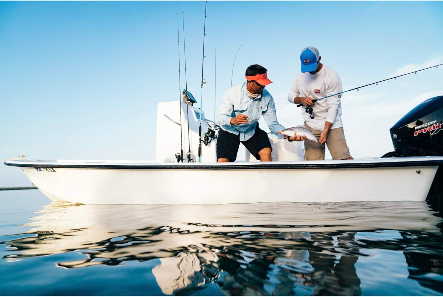 Penn's Spinfisher VI Long Cast Spinning Reels revolutionize casting distance. While the Spinfisher V had one long cast model, the VI offers three. This new generation boasts enhanced CNC gears, delivering smoother, longer-lasting performance with increased power. Coupled with a robust metal body, protective seals, six ball bearings, and a potent HT-100 drag system, these reels are tough yet enjoyable to use. The long cast spool design and ultra-slow oscillation let you cast lures farther than ever before. Combine one with your favorite surf rod, and you'll be reaching fish far out at sea. Available in 5500, 6500, and 7500 models, Penn's Spinfisher VI Long Cast Spinning Reels offer an ideal blend of power and performance at an affordable price.
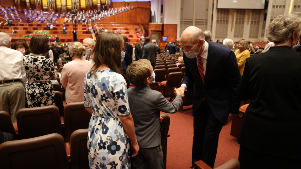 The Sunday afternoon session concluded the October 2021 general conference of The Church of Jesus Christ of Latter-day Saints, and marked a return to the Conference Center auditorium. The session’s speakers included four of the General Authority Seventies sustained in April, and several shared ways to look to the Savior and weather life’s storms.
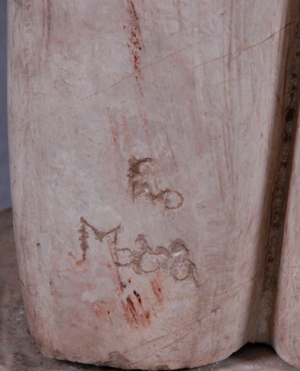 Scultura in pietra raffigurante ''SOGGETTO INFORMALE''. Firmata PINO MAJORCA in basso a sinistra. Base in pietra. XX secolo. Alt. cm. 107 con base.
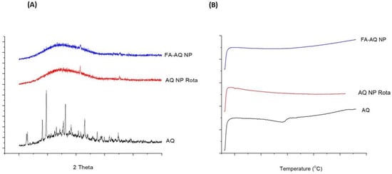 (A,B) Solid state characterization studies: (A) XRD patterns of AQ, AQ NP Rota, and FA-AQ NP; (B) Thermograms of AQ, AQ NP Rota, and FA-AQ NP.
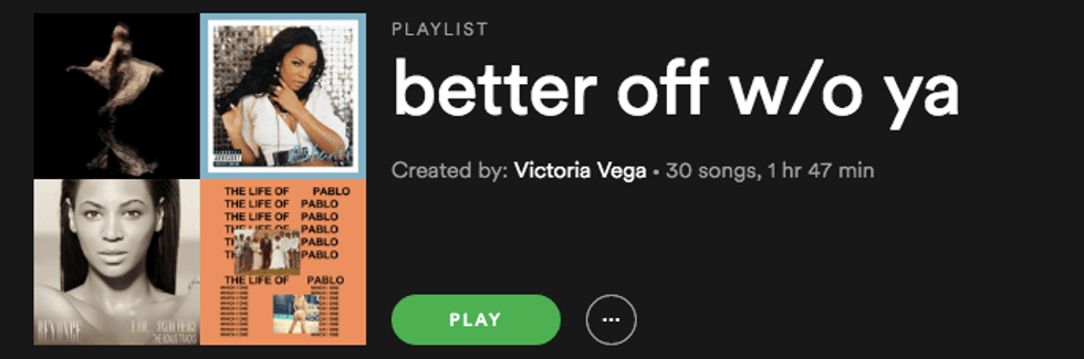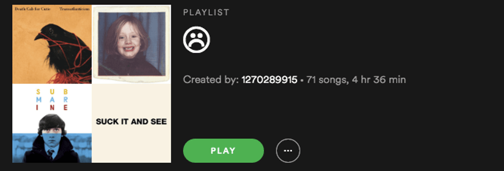 The type all depends on you. Feel like wallowing in self-pity and listening to sad music? Go for it. Want to feel happy and listen to upbeat tunes? You can do that too. Spotify has endless playlist options to fit whatever mood you're in or what genre you prefer, so take this time to discover new songs and artists. Don't feel bad if you just want to feel sorry for yourself for a while. After all, it's your party and you'll cry if you want to. Just don't let the pity party last too long. Here are a couple of examples of playlists I created for several moods.
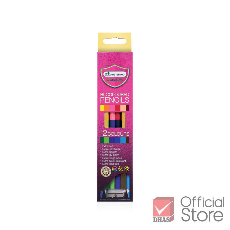 Master Art สีไม้ ดินสอสีไม้ 2 หัว 12 สี รุ่นใหม่ จำนวน 1 กล่อง
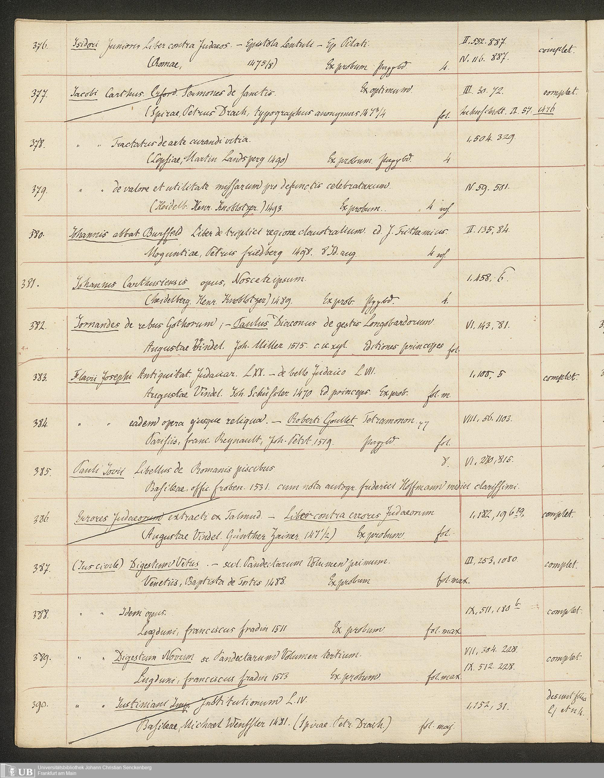 Ms. Ff. G. Kloß II.5.3 - Handschriftlicher Verkaufskatalog
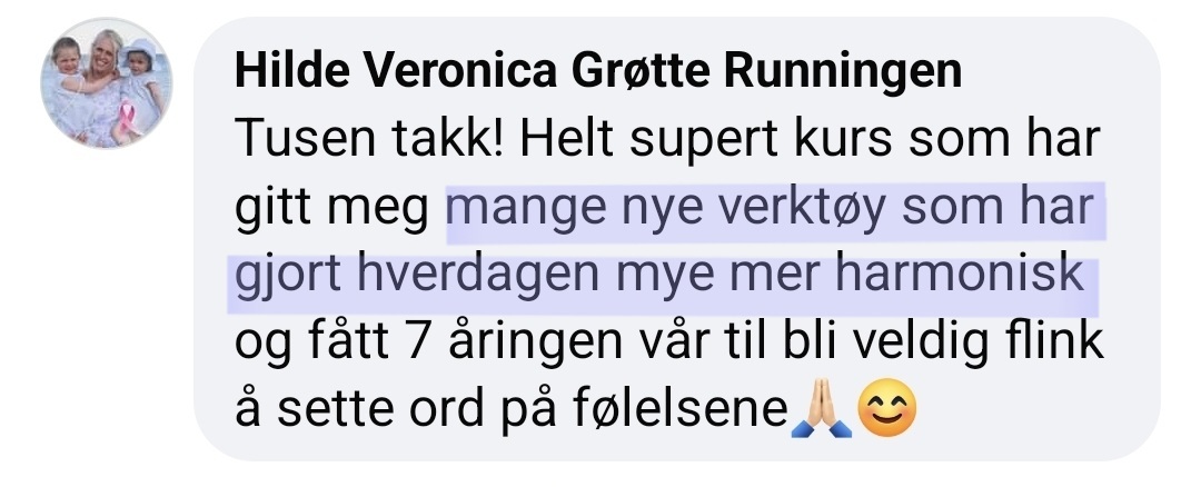 «Kurset var veldig bra, helt fantastisk! Jeg lærte mye jeg har visst, men ikke evnet å formidle på den rette måten. Kurset burde vært pensum for foreldre.»
::::::
§ Work instructions
Starting with the first line of the records above and stopping after the line containing "Ms. Ff. G. Kloß", repeat every line exactly and leave out the pictures.

§ Solved problem
 Penn's Spinfisher VI Long Cast Spinning Reels revolutionize casting distance. While the Spinfisher V had one long cast model, the VI offers three. This new generation boasts enhanced CNC gears, delivering smoother, longer-lasting performance with increased power. Coupled with a robust metal body, protective seals, six ball bearings, and a potent HT-100 drag system, these reels are tough yet enjoyable to use. The long cast spool design and ultra-slow oscillation let you cast lures farther than ever before. Combine one with your favorite surf rod, and you'll be reaching fish far out at sea. Available in 5500, 6500, and 7500 models, Penn's Spinfisher VI Long Cast Spinning Reels offer an ideal blend of power and performance at an affordable price.
 The Sunday afternoon session concluded the October 2021 general conference of The Church of Jesus Christ of Latter-day Saints, and marked a return to the Conference Center auditorium. The session’s speakers included four of the General Authority Seventies sustained in April, and several shared ways to look to the Savior and weather life’s storms.
 Scultura in pietra raffigurante ''SOGGETTO INFORMALE''. Firmata PINO MAJORCA in basso a sinistra. Base in pietra. XX secolo. Alt. cm. 107 con base.
 (A,B) Solid state characterization studies: (A) XRD patterns of AQ, AQ NP Rota, and FA-AQ NP; (B) Thermograms of AQ, AQ NP Rota, and FA-AQ NP.
 The type all depends on you. Feel like wallowing in self-pity and listening to sad music? Go for it. Want to feel happy and listen to upbeat tunes? You can do that too. Spotify has endless playlist options to fit whatever mood you're in or what genre you prefer, so take this time to discover new songs and artists. Don't feel bad if you just want to feel sorry for yourself for a while. After all, it's your party and you'll cry if you want to. Just don't let the pity party last too long. Here are a couple of examples of playlists I created for several moods.
 Master Art สีไม้ ดินสอสีไม้ 2 หัว 12 สี รุ่นใหม่ จำนวน 1 กล่อง
 Ms. Ff. G. Kloß II.5.3 - Handschriftlicher Verkaufskatalog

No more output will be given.